◆ **What is required**:
Take the whole listing and reproduce it exactly, pictures excepted.

◆ **Given information**:
┌──

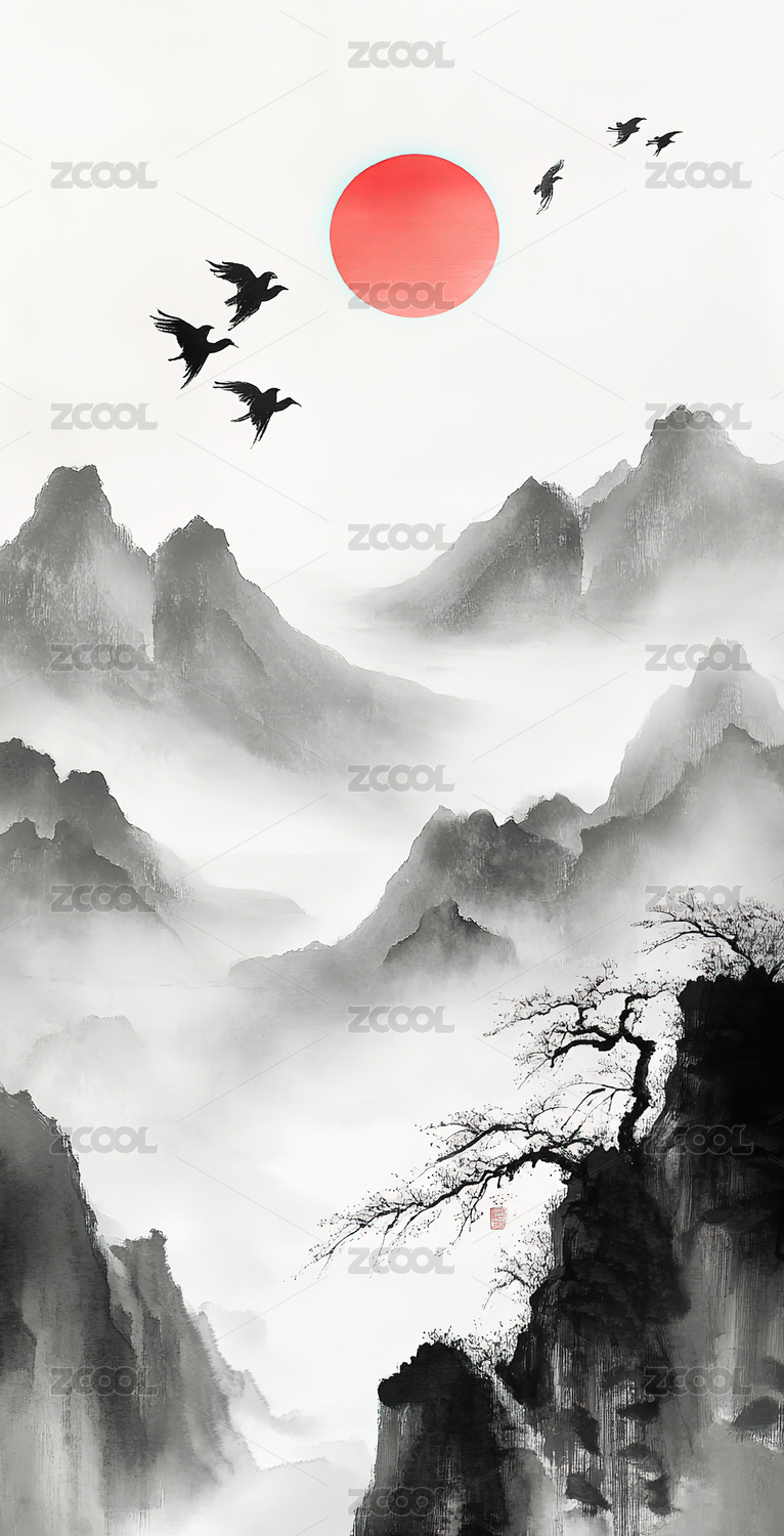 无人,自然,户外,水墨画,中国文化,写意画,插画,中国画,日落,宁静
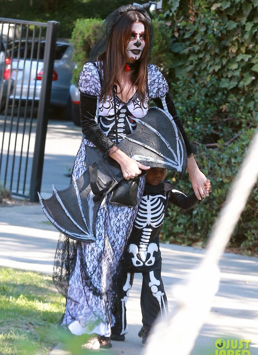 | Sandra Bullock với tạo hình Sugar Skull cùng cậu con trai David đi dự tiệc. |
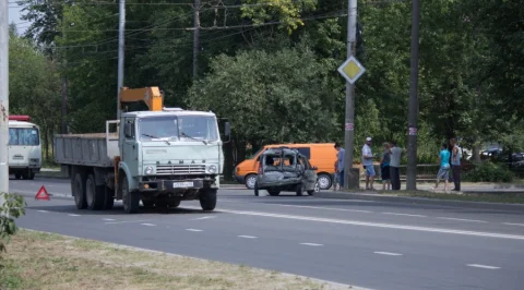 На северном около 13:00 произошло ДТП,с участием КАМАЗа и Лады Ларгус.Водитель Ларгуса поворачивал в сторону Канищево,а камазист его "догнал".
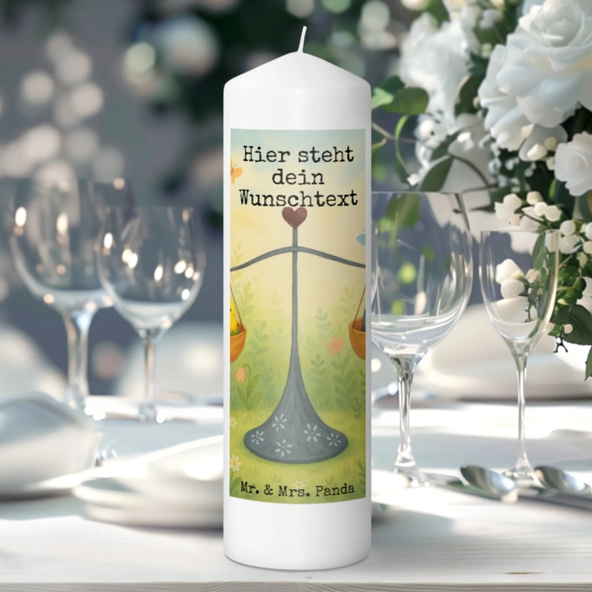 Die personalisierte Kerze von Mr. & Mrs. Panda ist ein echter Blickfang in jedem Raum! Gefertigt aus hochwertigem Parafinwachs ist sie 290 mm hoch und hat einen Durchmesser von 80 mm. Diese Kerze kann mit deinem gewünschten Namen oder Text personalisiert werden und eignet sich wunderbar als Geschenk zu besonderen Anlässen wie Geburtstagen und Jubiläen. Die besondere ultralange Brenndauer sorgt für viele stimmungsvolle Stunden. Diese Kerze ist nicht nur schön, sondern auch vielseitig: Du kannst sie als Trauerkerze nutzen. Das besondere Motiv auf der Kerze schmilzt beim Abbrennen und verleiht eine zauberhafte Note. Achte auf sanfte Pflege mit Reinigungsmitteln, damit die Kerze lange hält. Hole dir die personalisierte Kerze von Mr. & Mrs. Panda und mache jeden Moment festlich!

└──

◆ **Expected answer**:
 无人,自然,户外,水墨画,中国文化,写意画,插画,中国画,日落,宁静
 | Sandra Bullock với tạo hình Sugar Skull cùng cậu con trai David đi dự tiệc. |
 На северном около 13:00 произошло ДТП,с участием КАМАЗа и Лады Ларгус.Водитель Ларгуса поворачивал в сторону Канищево,а камазист его "догнал".
 Die personalisierte Kerze von Mr. & Mrs. Panda ist ein echter Blickfang in jedem Raum! Gefertigt aus hochwertigem Parafinwachs ist sie 290 mm hoch und hat einen Durchmesser von 80 mm. Diese Kerze kann mit deinem gewünschten Namen oder Text personalisiert werden und eignet sich wunderbar als Geschenk zu besonderen Anlässen wie Geburtstagen und Jubiläen. Die besondere ultralange Brenndauer sorgt für viele stimmungsvolle Stunden. Diese Kerze ist nicht nur schön, sondern auch vielseitig: Du kannst sie als Trauerkerze nutzen. Das besondere Motiv auf der Kerze schmilzt beim Abbrennen und verleiht eine zauberhafte Note. Achte auf sanfte Pflege mit Reinigungsmitteln, damit die Kerze lange hält. Hole dir die personalisierte Kerze von Mr. & Mrs. Panda und mache jeden Moment festlich!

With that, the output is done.